The-Latest Picture Editor Brian Usher captured images of the many placards or "tools of protest" on show at Saturday's triumphant Trades Union Congress organised "March for the Alternative" in central London.
Up to 400,000 people are reported to have been on the demonstration and rally where most carried banners which eloquently expressed their anger and frustration at British coalition government's £81bn spending cuts that will wipe out many public services.
Campaigners, like the Coalition of Resistance Against Cuts and Privatisation, are continuing to fight implementation of the much-loathed policy. And other organisations have taken on the issue of the super rich in society who use accountancy loopholes not available to ordinary people to avoid paying tax, such as billionaire Phillip Green, owner of the Top Shop stores.
Activists from groups including UKUncut have taken direct action on the streets against such businesses.

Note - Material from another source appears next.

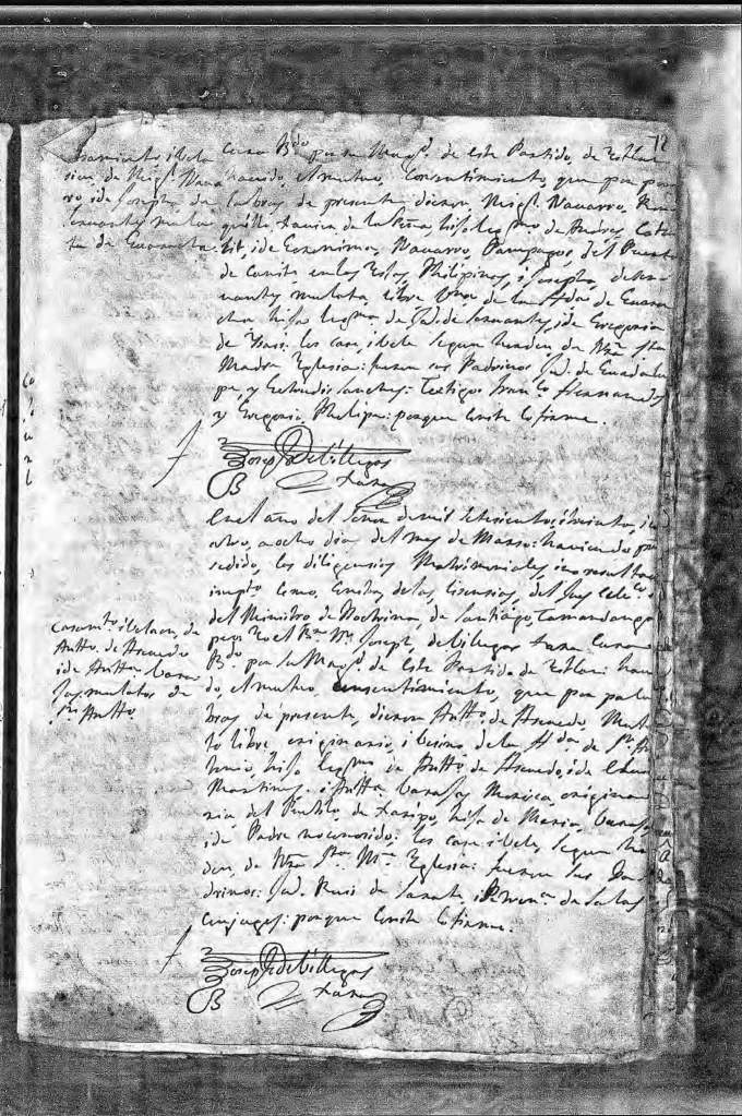 El 7 de marzo de 1734 contrajo matrimonio en la parroquia de Santiago Apóstol, Sahuayo, Michoacán, México, Miguel Navarro Ronquillo Xamira de la Peña. Dijo ser un pampango del puerto de Cavite en las Islas Filipinas 🇵🇭. Dijo además ser hijo legítimo de Andres Catulid y de Erminia Navarro. Contrajo matrimonio con Josefa de Cervantes, mulata libre de la Hacienda de Guaracha, actualmente perteneciente al municipio de Villamar, Michoacán, hija legítima de Juan de Cervantes y de Eugenia de Ysmi.

More impressive than the TUC's one-off march in central London has been the impassioned resistance of parents, the elderly, the young, Black people, women and middle class people who have never before taken part in protests, besieging town hall meetings throughout Britain where local politicians have supported the cuts. Sadly, many of those town hall chiefs have been Labour - a party that claims to be against the cuts.

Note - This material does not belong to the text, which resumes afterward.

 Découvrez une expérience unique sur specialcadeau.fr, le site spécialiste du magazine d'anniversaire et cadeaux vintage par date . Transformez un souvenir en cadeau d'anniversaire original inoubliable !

Why has not Labour leader Ed Miliband championed a national campaign of disobedience and ordered his Labour town hall politicians to refuse to carry out the Conservative-led coalition government's vicious measures? This political failure has resulted in the public taking matters into their own hands.
As we have seen in Egypt, where the democratic process is broken, people have found other means of expressing their grievances through direct action.